Junior Zindoga

Personal information
- Date of birth: 28 July 1998 (age 27)
- Place of birth: New York ( USA)
- Height: 1.87 m (6 ft 2 in)
- Position: Forward

Senior career*
- Years: Team / Apps / (Gls)
- –2020: Maritzburg United
- 2020–2023: Ngezi Platinum F.C.
- 2023–2024: Yadah Stars F.C.
- 2024: Nsingizini Hotspurs F.C.
- 2025: Marumo Gallants F.C. / 7 / (0)
- 2025–: TS Galaxy F.C. / 11 / (0)

International career^{‡}
- 2025–: Zimbabwe / 1 / (0)

= Junior Zindoga =

Zimbabwean footballer (born 1998)

Junior Zindoga (born 28 July 1998) is a Zimbabwean footballer who plays as a forward for South African Premiership side TS Galaxy F.C. and the Zimbabwe national team.

== Club career ==
Zindoga has played for South African Premiership side Maritzburg United.

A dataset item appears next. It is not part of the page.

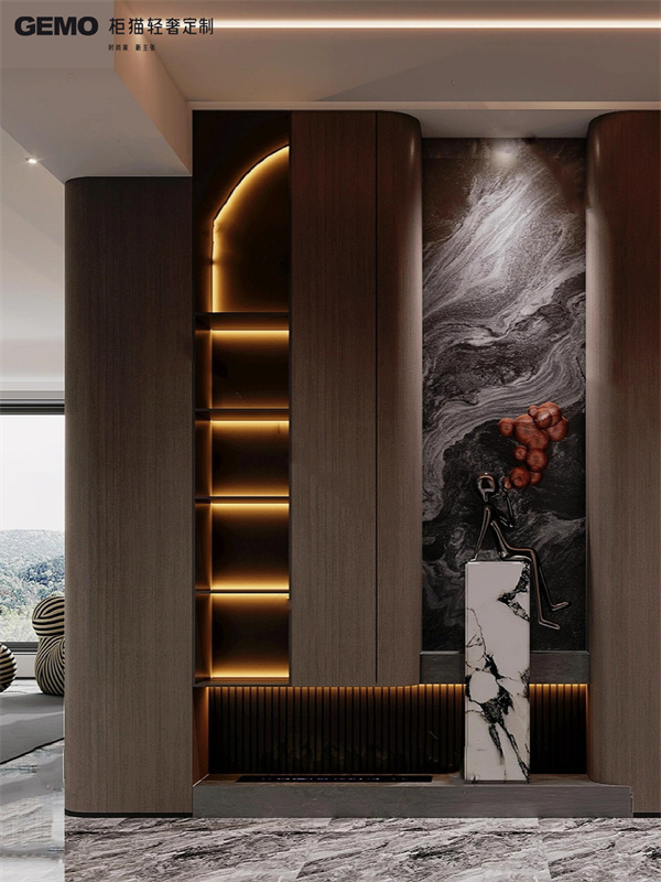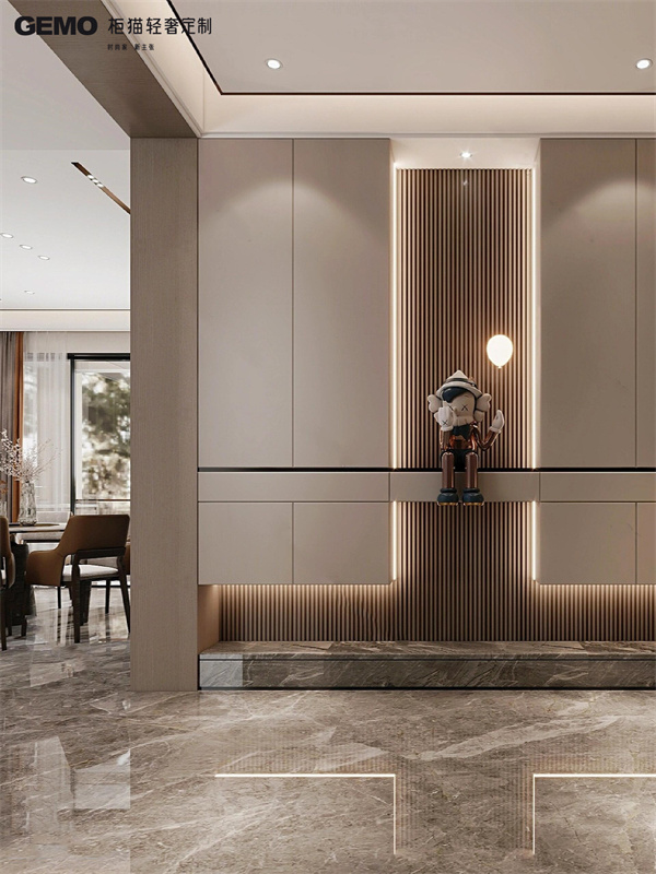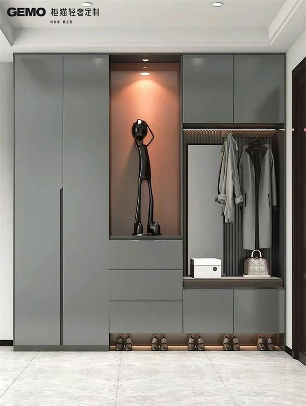 考慮到玄關柜的使用頻率較高,選擇耐用的材料至關重要。例如,可以選擇耐磨的木質面板、不銹鋼配件和防水涂層,以確保玄關柜的耐久性。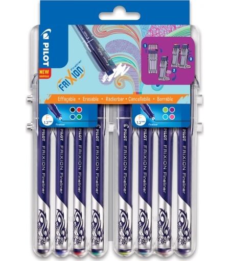 Pilot FriXion Fineliner – glider let henover papiret Skriv, slet og skriv igen så mange gange som du vil - det er det smarte ved Pilot Frixion serien. De sletbare kuglepenne bruger det varmefølsomme Metamo-blæk, som forsvinder ved den friktion som opstår, når du gnider den integrerede viskelæder-spids på blækket. Det fungerer altså nøjagtig ligesom når du bruger et almindeligt viskelæder. Blækket forsvinder bare helt uden snulder - og uden at skade papiret. FriXion Fineliner fra Pilot er gode og kreative fiberpenne med en meget tynd spids, som giver dig en skøn og kreativ skrive- og tegneoplevelse. Pennene gilder let henover papiret når de bruges, hvilket gør dem til en fornøjelse at bruge. Du kan f.eks. bruge pennene til at tage noter, tegne eller farvelægge. FriXion Fineliner har en spids på 1,3 mm og en stregbredde på 0,45 mm og indeholder den unikke FriXion blækteknologi, hvor du hurtigt og nemt kan viske blækket ud med det specielle viskelæder i toppen af pennen, og kan starte forfra hvis du får lavet en fejl eller får skrevet forkert. Sættet er samlet i en praktisk boks fremstillet i 100% genanvendt plast. Låget på boksen kan nemt klikkes på forneden, så du kan have sættet stående oprejst. Dertil kan låget slides op og ned langs siden så du kan justere højden og vinklen på den smarte standup boks. Dertil kan sættes nemt klikkes sammen med andre sæt fra Pilot, ved hjælp af de små klikmekanismer på siden af boksen. Farve: 8 farver Stegbredde: 0,45 mm Blækket kan viskes ud Producentens varenr.: SW-FF ...

In 2024 he played for Premier League of Eswatini side Nsingizini Hotspurs F.C..

In 2025 he joined Marumo Gallants before leaving for TS Galaxy at the start of the 2025/26 season.

== International career ==
Zindoga was called up for the Zimbabwe national team at the 2025 Africa Cup of Nations. He made his debut in a 3–2 loss against South Africa.